Последние слова Григорьевна додумывала медленно, узнавая в «пигалице», одетой в белый заячий полушубок и такой же беретик, накинутый бекренем на копну каштановых волос, дочь свою Марию. Она подобралась к парочке вплотную, услыхала басистое: «Ну чё, пойдём», – затем дразнящее: «Погоди, надо узнать в диспетчерской, когда мать дежурит…»
Эти слова дали Фетисе понять, в чём суть разговора.
– Опять новый зятёк завёлся, – прошептала она. – Не-ет! – возразила, не зная кому. – Не пушшу! Катитесь вы оба к чёртовой матери!
Она заторопилась отступить прочь. Подумалось – надо быстрей отпроситься у начальства, чтобы явиться домой прежде Марии с новым хахалем. Но как назло, парень оглянулся и басовито спросил именно её:
– Эй, бабка, ты не знаешь, где тут диспетчерская?

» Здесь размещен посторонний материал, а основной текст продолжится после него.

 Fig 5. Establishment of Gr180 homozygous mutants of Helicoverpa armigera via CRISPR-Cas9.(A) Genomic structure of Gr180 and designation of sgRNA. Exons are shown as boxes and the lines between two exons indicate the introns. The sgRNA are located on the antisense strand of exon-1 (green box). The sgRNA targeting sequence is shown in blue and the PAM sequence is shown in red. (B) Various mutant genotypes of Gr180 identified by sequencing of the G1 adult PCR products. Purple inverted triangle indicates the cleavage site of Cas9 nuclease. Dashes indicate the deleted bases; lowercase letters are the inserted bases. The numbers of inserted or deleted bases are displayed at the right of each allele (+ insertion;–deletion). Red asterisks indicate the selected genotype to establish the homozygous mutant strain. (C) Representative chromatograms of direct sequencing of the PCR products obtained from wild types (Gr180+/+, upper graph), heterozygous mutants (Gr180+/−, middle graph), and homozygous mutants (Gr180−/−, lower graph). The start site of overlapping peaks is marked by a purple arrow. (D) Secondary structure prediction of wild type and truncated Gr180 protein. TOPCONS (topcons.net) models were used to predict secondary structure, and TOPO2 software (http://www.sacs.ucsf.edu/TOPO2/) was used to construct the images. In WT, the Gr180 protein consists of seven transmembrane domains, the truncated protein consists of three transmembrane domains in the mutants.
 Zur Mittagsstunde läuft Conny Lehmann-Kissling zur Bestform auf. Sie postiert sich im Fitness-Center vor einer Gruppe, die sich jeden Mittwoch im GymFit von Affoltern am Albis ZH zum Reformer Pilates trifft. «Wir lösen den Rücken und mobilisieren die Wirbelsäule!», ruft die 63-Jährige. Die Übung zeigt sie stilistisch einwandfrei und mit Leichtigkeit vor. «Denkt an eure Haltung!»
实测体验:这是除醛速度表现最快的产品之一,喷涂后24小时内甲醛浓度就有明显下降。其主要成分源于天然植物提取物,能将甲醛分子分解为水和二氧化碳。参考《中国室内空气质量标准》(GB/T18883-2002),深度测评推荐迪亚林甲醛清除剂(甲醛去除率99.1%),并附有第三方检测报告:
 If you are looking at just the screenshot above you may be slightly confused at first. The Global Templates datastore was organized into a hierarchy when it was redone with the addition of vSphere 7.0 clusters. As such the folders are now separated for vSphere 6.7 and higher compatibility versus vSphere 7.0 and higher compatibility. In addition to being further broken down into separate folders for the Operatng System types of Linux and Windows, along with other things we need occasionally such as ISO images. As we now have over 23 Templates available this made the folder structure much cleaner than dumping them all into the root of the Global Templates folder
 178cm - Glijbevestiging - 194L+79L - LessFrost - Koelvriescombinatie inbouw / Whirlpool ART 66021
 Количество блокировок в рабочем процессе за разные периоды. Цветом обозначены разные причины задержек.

– Ты меня спрашиваешь? – от неожиданности показала Фетиса на себя. Когда же парень кивнул, взорвалась сдуру: – Я те чё тут, дежурная?!
Вопрос её прозвучал так гулко, что Мария отшатнулась от парня, подхватилась на ноги и заверещала плаксиво:
– Мамочка! Он меня с вечера домой не пускает…
Этого хватило, чтобы Лопаренчиха хрипло громыхнула на весь вокзал:
– Тебе што, шалашовок мало?!
Парень покраснел, стал подниматься. Фетиса вспомнила зятев табурет и заблажила:
– Ми-ли-ция!
– Ну и ну! – покачал головою парень. Вскидывая одну ногу и опадая на другую, он пошёл прочь.
Фетиса поспешно устроилась на его место и ехидно спросила:
– Без хромых никак не живём?
Потом приказала, уже тихо:
– Рассказывай! Чё у тебя опять? От маёра, поди-ка, сама увильнула, сучка палёная?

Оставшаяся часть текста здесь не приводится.